Unfortunately, I’m not that smart but Bryan Bollinger, Phil Leslie and Alan Sorensen are http://www.stanford.edu/~pleslie/calories.pdf
“The second component is a large sample of anonymous Starbucks cardholders (inside and outside of NYC) that we track over the same period of time, allowing us to examine the impact of calorie posting at the individual level.”
When they presented it here one issue (that they’re up front about) is that they have data only on one store – it may be that individuals feel that they’ve been virtuous at one store and so are free-er in their eating habits at other stores (or have an extra cookie when a million of them are sitting outside the office after the lunchtime seminar…) or maybe give up on riding bikes, or maybe are thinking about health and exercise more, and who cares about calories per se (see http://www.nytimes.com/2011/07/19/health/19brody.html?_r=1&src=me&ref=general).
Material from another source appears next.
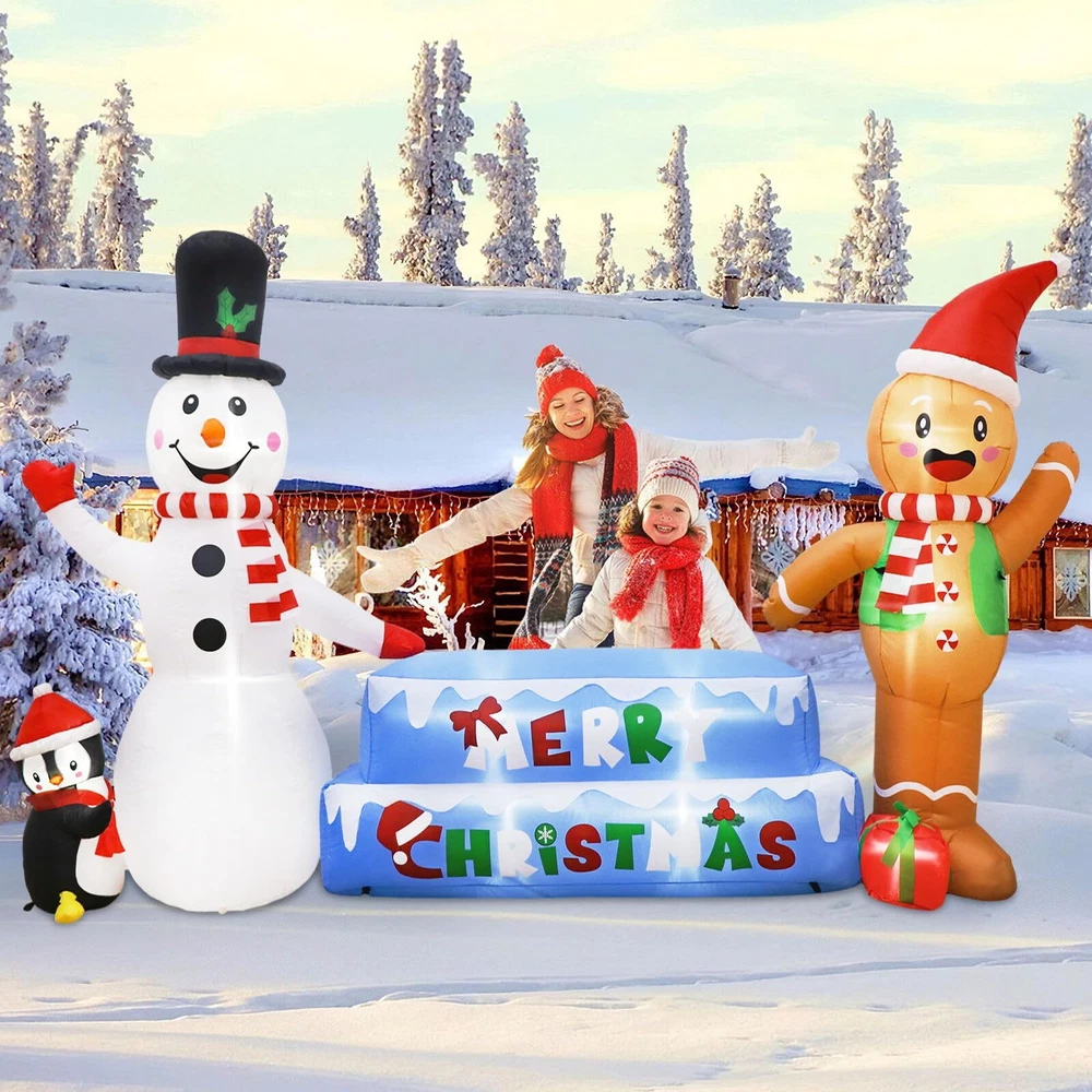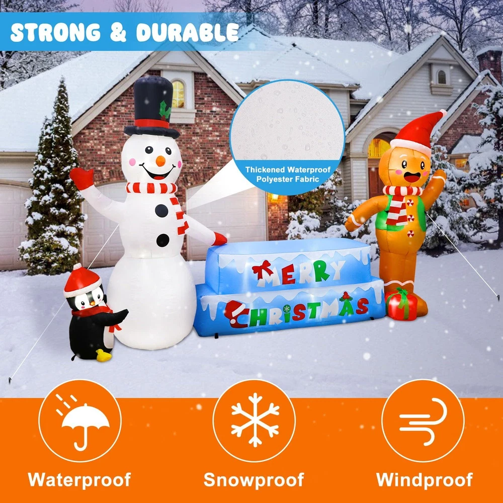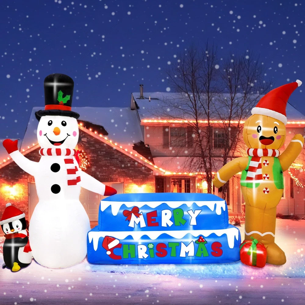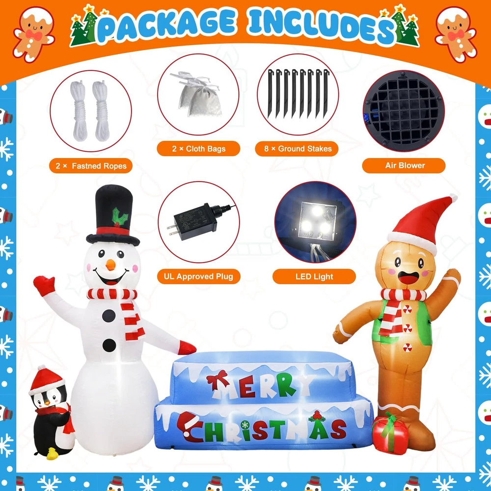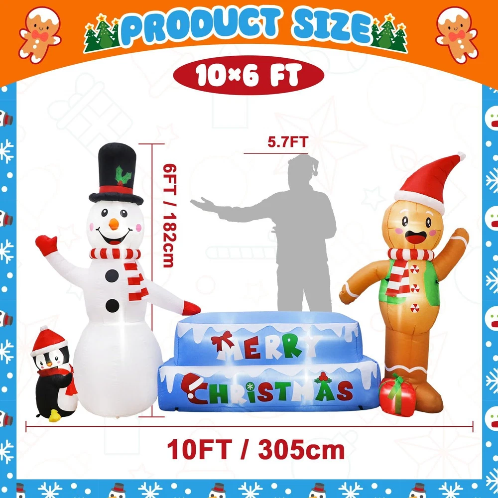 【Christmas Inflatable Snowman & Gingerbread Man】OurWarm Christmas blow up yard decorations with snowmen, gingerbread men, penguins, ice cubes, and Merry Christmas, are the most popular elements of Christmas decor, let it make your Christmas more colorful! 【Steady Christmas Inflatables】Each gingerbread man & snowman inflatable comes with two 2 m long windproof ropes, 8 ground stakes, and 2 sandbags, they can help you better fix Christmas blow up yard decorations, even in winter, don't worry it will be blown over by the gusty wind! 【Perfect Outdoor Christmas Decorations】This 10 FT × 6 FT inflatable snowman & gingerbread Man is perfect for Christmas decorations. Inflatable Christmas decorations built-in 7 bright LED lights, the effect looks great both indoors and outdoors, day and night! 【Premium Material & Fine Workmanship】Our snowman inflatable Christmas decorations are made of thick waterproof polyester which is safe and harmless. Purely handmade with tightly sewn edges, bright colors, and a huge appearance, all the kids will fall in love with it at first sight! 【Easy to Install & Store】The Christmas inflatables outdoor decorations come with a blower, all you need to do is place it in an open field and plug it in, it will inflate in a minute, when you don't need it, unplug it and it deflates, doesn't take up much space for easy storage.

As you suggest in the last sentence what we really care about is health outcomes and to my knowledge – no one has the foggiest idea of that or how to go about assessing it …
July 21, 2011 at 8:15 am
Mild Speculation
A couple extensions of the research I’d be interested in…suppose people view the counts and do consume less at the restaurant. What is the effect on total daily calorie consumption (including eating outside the restaurant)? Could there be a non-behavioral explanation for a strict increase in total calories that doesn’t violate revealed preference?
July 21, 2011 at 12:16 pm
k
Umm…manipulating calorie counts would be…incorrect information…?
Maybe better ways of presenting the information contained in the number would be useful to look into – Chipotle’s calorie counts for instance are not entirely clear; this in addition to the problem of interpreting the number.
In order to counter the problem you pose, perhaps we should think of ways of making the interpretation standard, to a reasonable level at least.
July 21, 2011 at 1:49 pm
Frank
“Umm…manipulating calorie counts would be…incorrect information…?” So? Why is that a problem?
I wonder if there is an “effect of publishing calorie counts on [the content of] restaurant menus”…
July 21, 2011 at 5:21 pm
dan s
the aggregate change is expected to be positive (or neg) under hypothesis that consumers systematically over (or under) estimated cals
July 21, 2011 at 10:12 pm
Scott
I know I look for the highest calorie count when choosing between options, at least when I am hungry. This is a big problem for estimation since almost surely some people choose the low calorie option and some the high calorie option. There could thus be large welfare gains for both both types of eaters even though the aggregate data shows little or no effect. In light of this it is also important to find individual-level data.